### WORK REQUEST
Please give every record below again exactly, and keep the pictures out.

### ENTRIES SHOWN
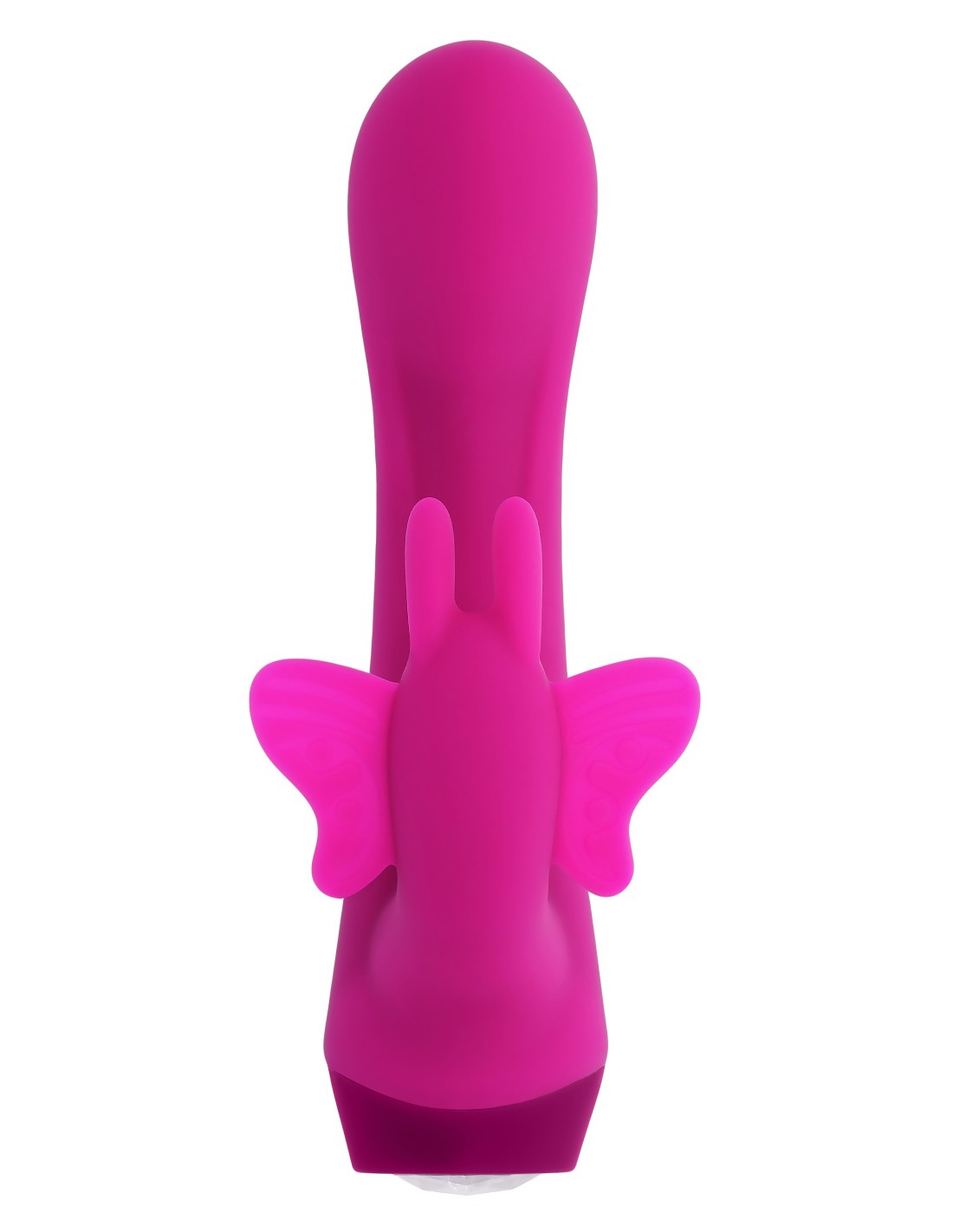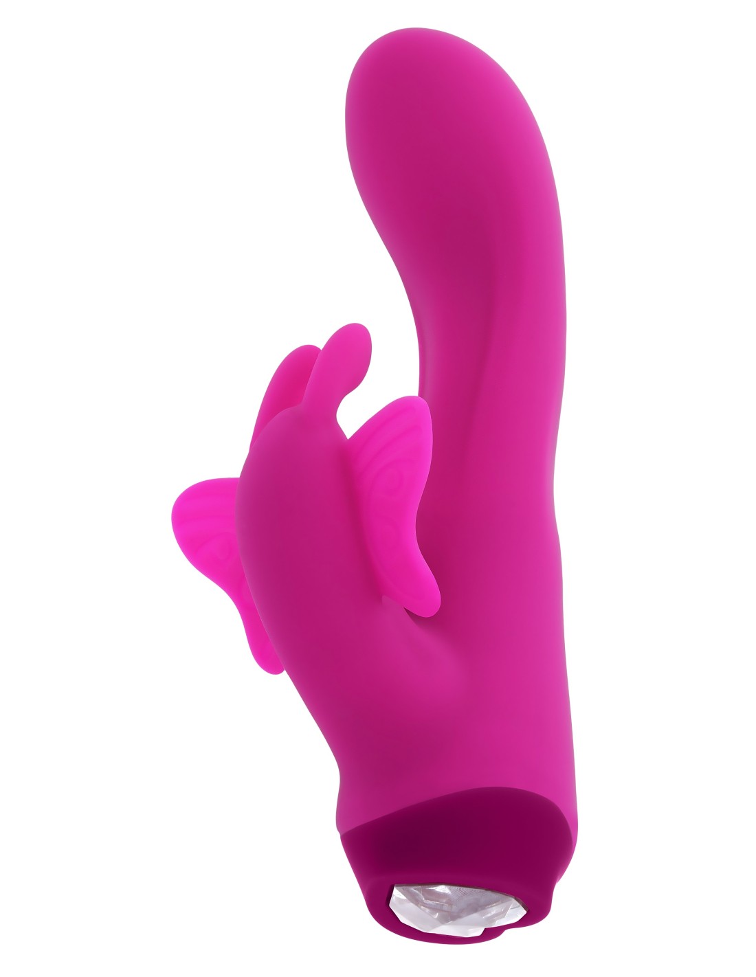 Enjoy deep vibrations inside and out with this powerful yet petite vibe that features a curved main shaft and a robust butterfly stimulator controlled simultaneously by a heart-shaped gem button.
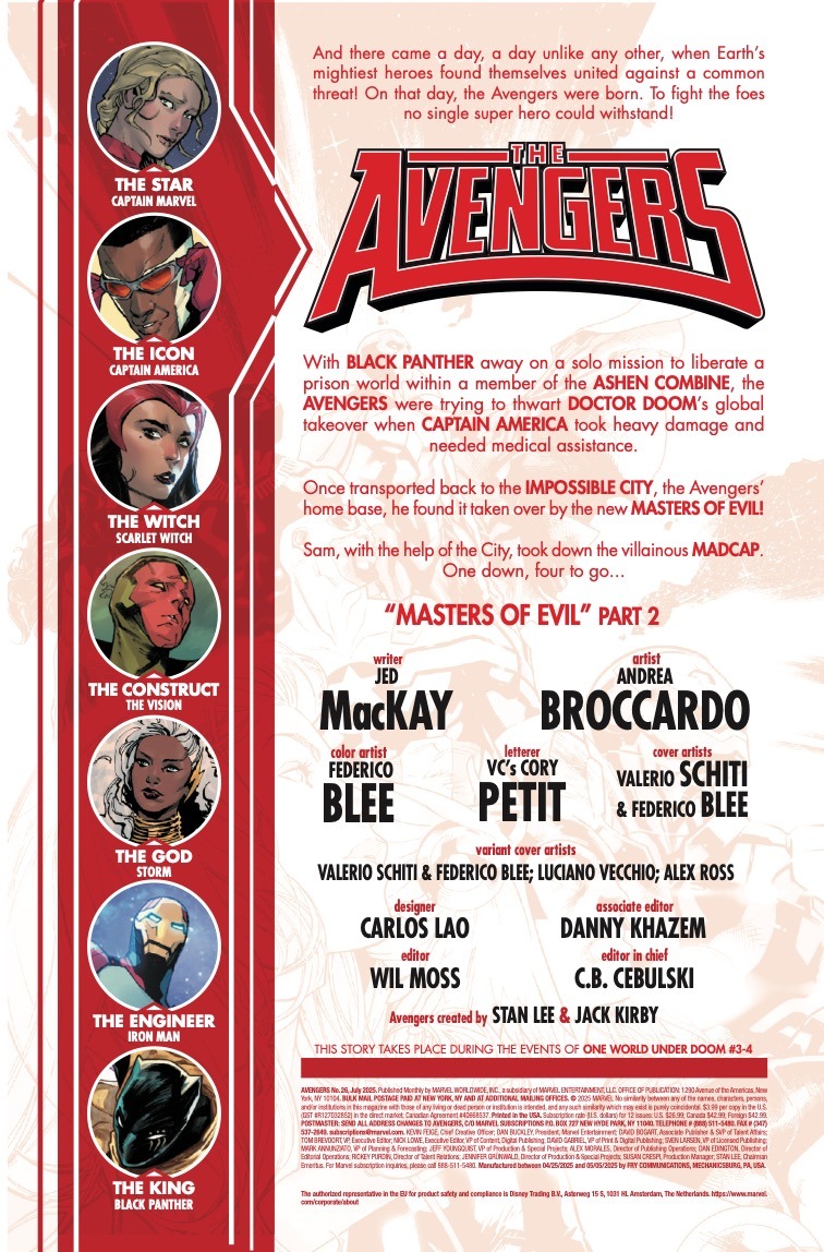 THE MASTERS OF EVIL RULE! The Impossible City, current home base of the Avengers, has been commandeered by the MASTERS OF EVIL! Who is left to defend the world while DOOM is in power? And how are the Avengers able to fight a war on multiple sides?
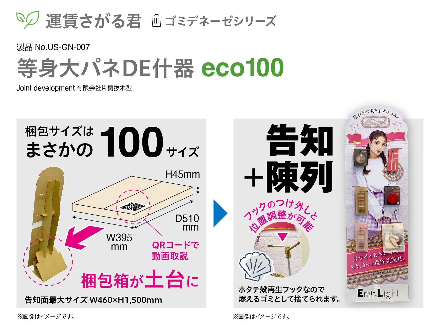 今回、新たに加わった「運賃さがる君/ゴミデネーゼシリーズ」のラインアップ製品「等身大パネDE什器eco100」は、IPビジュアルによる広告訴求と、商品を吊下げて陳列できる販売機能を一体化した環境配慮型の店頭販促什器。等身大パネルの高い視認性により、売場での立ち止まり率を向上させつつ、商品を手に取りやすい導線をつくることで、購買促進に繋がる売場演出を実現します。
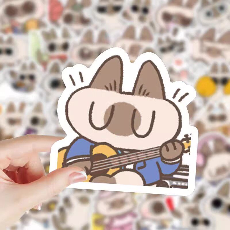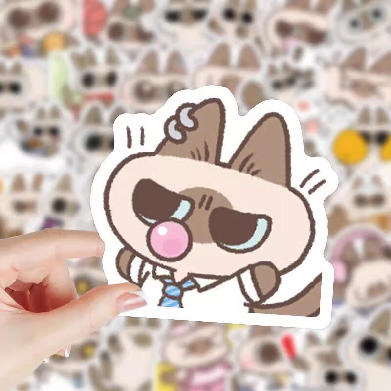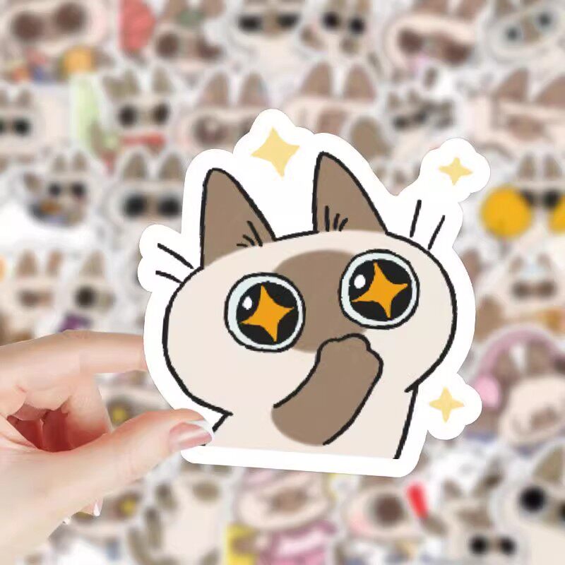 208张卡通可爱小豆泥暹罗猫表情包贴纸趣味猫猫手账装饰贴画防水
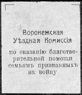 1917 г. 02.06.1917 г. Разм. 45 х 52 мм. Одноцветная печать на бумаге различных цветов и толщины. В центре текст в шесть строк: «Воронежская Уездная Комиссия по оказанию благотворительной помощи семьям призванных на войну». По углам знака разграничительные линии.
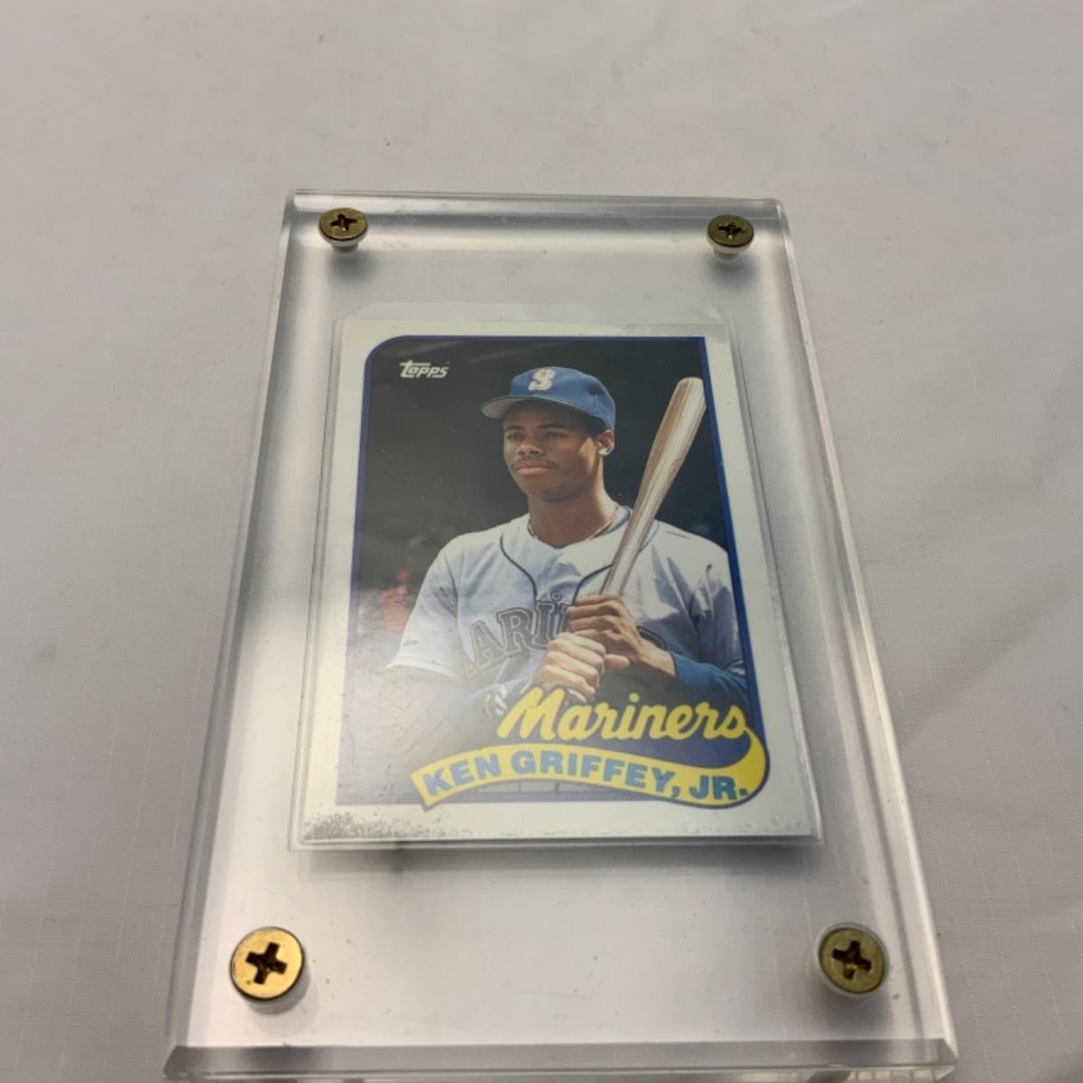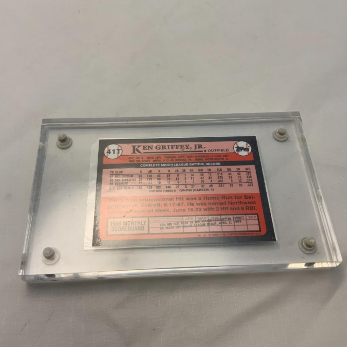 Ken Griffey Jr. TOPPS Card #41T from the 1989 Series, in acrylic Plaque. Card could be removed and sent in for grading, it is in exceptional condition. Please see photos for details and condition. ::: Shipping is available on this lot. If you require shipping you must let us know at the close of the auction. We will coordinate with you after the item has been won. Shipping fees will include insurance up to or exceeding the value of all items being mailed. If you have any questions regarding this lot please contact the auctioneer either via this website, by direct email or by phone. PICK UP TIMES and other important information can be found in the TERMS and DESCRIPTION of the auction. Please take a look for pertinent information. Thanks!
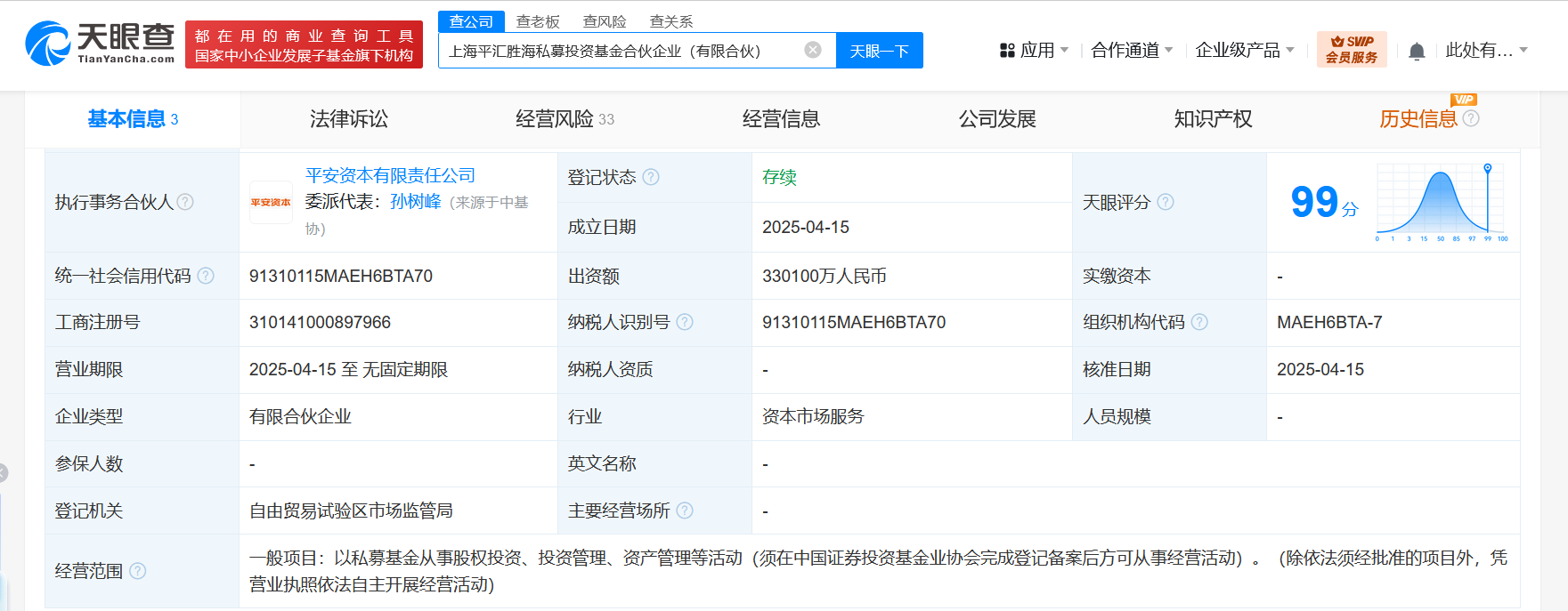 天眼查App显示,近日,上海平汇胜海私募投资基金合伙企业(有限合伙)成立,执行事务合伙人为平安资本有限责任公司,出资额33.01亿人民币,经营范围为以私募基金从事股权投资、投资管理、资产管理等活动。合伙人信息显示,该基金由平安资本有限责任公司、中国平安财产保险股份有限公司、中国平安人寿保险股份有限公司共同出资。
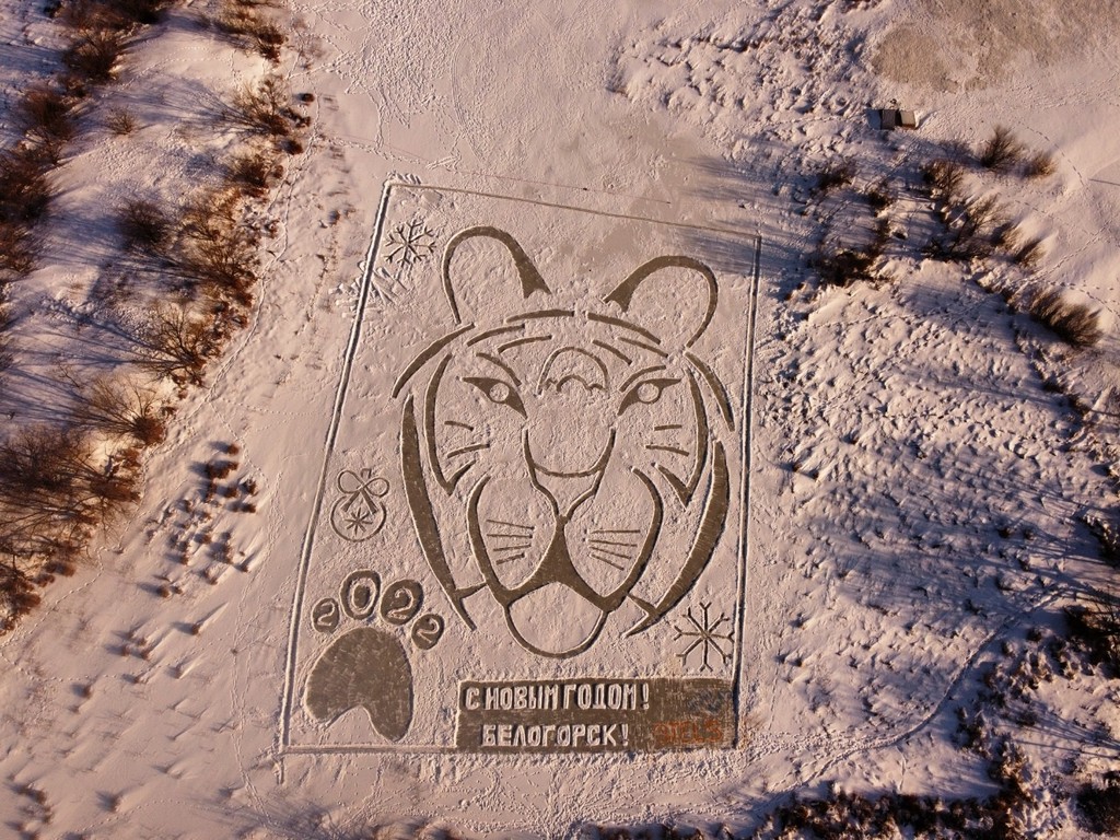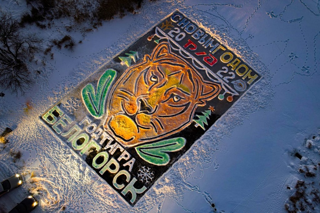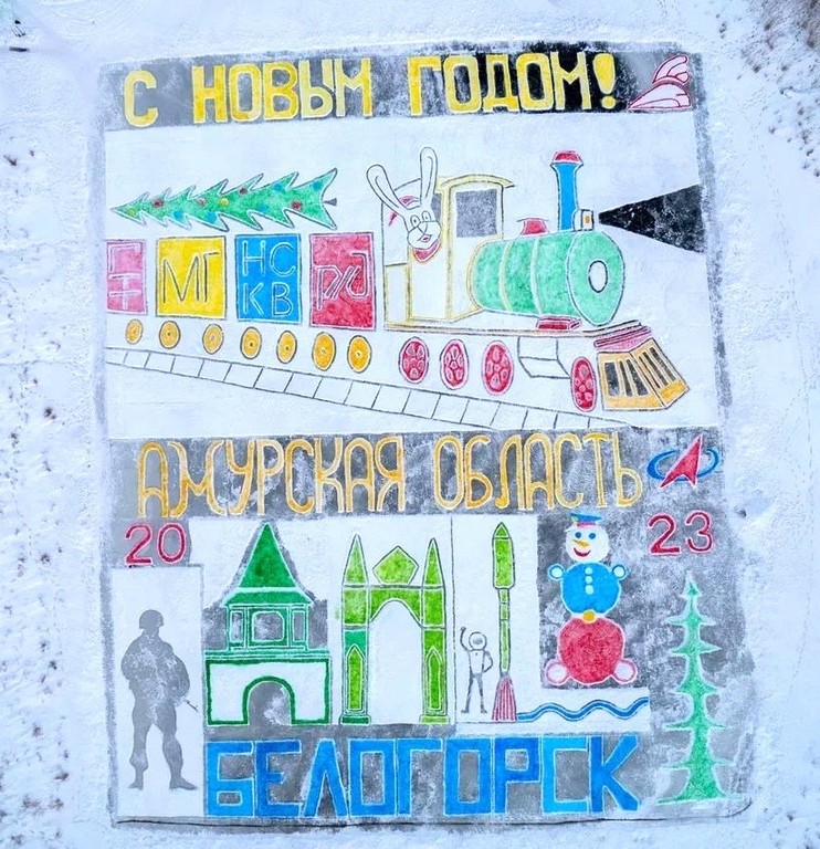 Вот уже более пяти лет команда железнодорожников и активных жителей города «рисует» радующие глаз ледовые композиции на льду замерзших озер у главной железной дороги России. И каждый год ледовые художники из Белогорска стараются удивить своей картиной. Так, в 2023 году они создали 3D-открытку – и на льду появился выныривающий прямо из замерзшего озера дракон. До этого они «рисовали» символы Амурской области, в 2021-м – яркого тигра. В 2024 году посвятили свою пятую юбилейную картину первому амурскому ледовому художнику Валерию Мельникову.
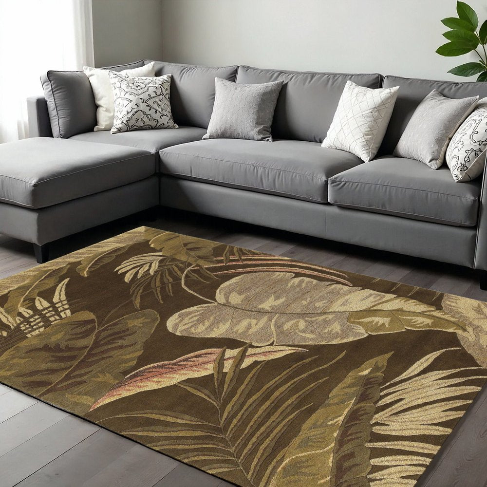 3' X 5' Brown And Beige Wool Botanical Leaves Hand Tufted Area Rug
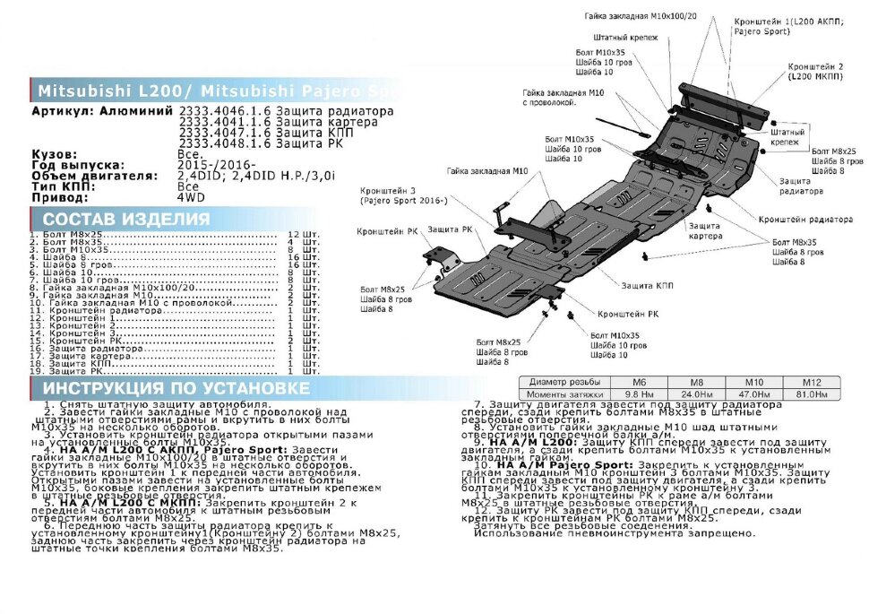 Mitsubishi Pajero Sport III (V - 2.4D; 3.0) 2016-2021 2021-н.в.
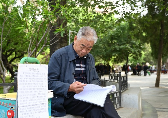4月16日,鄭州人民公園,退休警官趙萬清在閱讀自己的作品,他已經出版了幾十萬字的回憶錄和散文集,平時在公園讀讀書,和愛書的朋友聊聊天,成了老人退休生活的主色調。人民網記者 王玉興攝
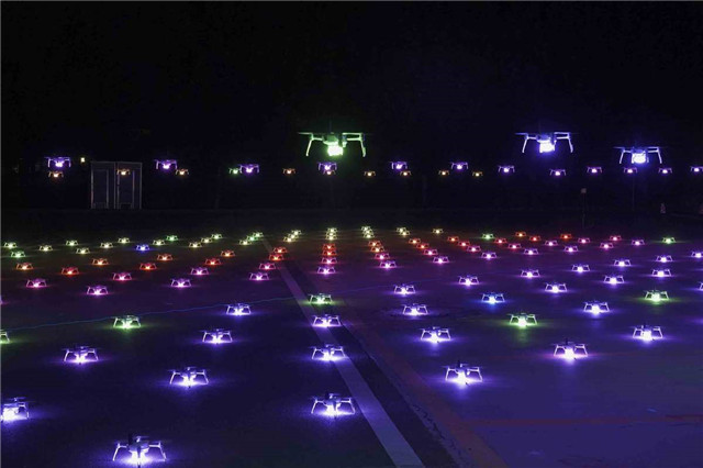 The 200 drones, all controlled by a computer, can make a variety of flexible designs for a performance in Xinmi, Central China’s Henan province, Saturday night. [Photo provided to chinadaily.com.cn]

### RESPONSE AREA
 Enjoy deep vibrations inside and out with this powerful yet petite vibe that features a curved main shaft and a robust butterfly stimulator controlled simultaneously by a heart-shaped gem button.
 THE MASTERS OF EVIL RULE! The Impossible City, current home base of the Avengers, has been commandeered by the MASTERS OF EVIL! Who is left to defend the world while DOOM is in power? And how are the Avengers able to fight a war on multiple sides?
 今回、新たに加わった「運賃さがる君/ゴミデネーゼシリーズ」のラインアップ製品「等身大パネDE什器eco100」は、IPビジュアルによる広告訴求と、商品を吊下げて陳列できる販売機能を一体化した環境配慮型の店頭販促什器。等身大パネルの高い視認性により、売場での立ち止まり率を向上させつつ、商品を手に取りやすい導線をつくることで、購買促進に繋がる売場演出を実現します。
 208张卡通可爱小豆泥暹罗猫表情包贴纸趣味猫猫手账装饰贴画防水
 1917 г. 02.06.1917 г. Разм. 45 х 52 мм. Одноцветная печать на бумаге различных цветов и толщины. В центре текст в шесть строк: «Воронежская Уездная Комиссия по оказанию благотворительной помощи семьям призванных на войну». По углам знака разграничительные линии.
 Ken Griffey Jr. TOPPS Card #41T from the 1989 Series, in acrylic Plaque. Card could be removed and sent in for grading, it is in exceptional condition. Please see photos for details and condition. ::: Shipping is available on this lot. If you require shipping you must let us know at the close of the auction. We will coordinate with you after the item has been won. Shipping fees will include insurance up to or exceeding the value of all items being mailed. If you have any questions regarding this lot please contact the auctioneer either via this website, by direct email or by phone. PICK UP TIMES and other important information can be found in the TERMS and DESCRIPTION of the auction. Please take a look for pertinent information. Thanks!
 天眼查App显示,近日,上海平汇胜海私募投资基金合伙企业(有限合伙)成立,执行事务合伙人为平安资本有限责任公司,出资额33.01亿人民币,经营范围为以私募基金从事股权投资、投资管理、资产管理等活动。合伙人信息显示,该基金由平安资本有限责任公司、中国平安财产保险股份有限公司、中国平安人寿保险股份有限公司共同出资。
 Вот уже более пяти лет команда железнодорожников и активных жителей города «рисует» радующие глаз ледовые композиции на льду замерзших озер у главной железной дороги России. И каждый год ледовые художники из Белогорска стараются удивить своей картиной. Так, в 2023 году они создали 3D-открытку – и на льду появился выныривающий прямо из замерзшего озера дракон. До этого они «рисовали» символы Амурской области, в 2021-м – яркого тигра. В 2024 году посвятили свою пятую юбилейную картину первому амурскому ледовому художнику Валерию Мельникову.
 3' X 5' Brown And Beige Wool Botanical Leaves Hand Tufted Area Rug
 Mitsubishi Pajero Sport III (V - 2.4D; 3.0) 2016-2021 2021-н.в.
4月16日,鄭州人民公園,退休警官趙萬清在閱讀自己的作品,他已經出版了幾十萬字的回憶錄和散文集,平時在公園讀讀書,和愛書的朋友聊聊天,成了老人退休生活的主色調。人民網記者 王玉興攝
 The 200 drones, all controlled by a computer, can make a variety of flexible designs for a performance in Xinmi, Central China’s Henan province, Saturday night. [Photo provided to chinadaily.com.cn]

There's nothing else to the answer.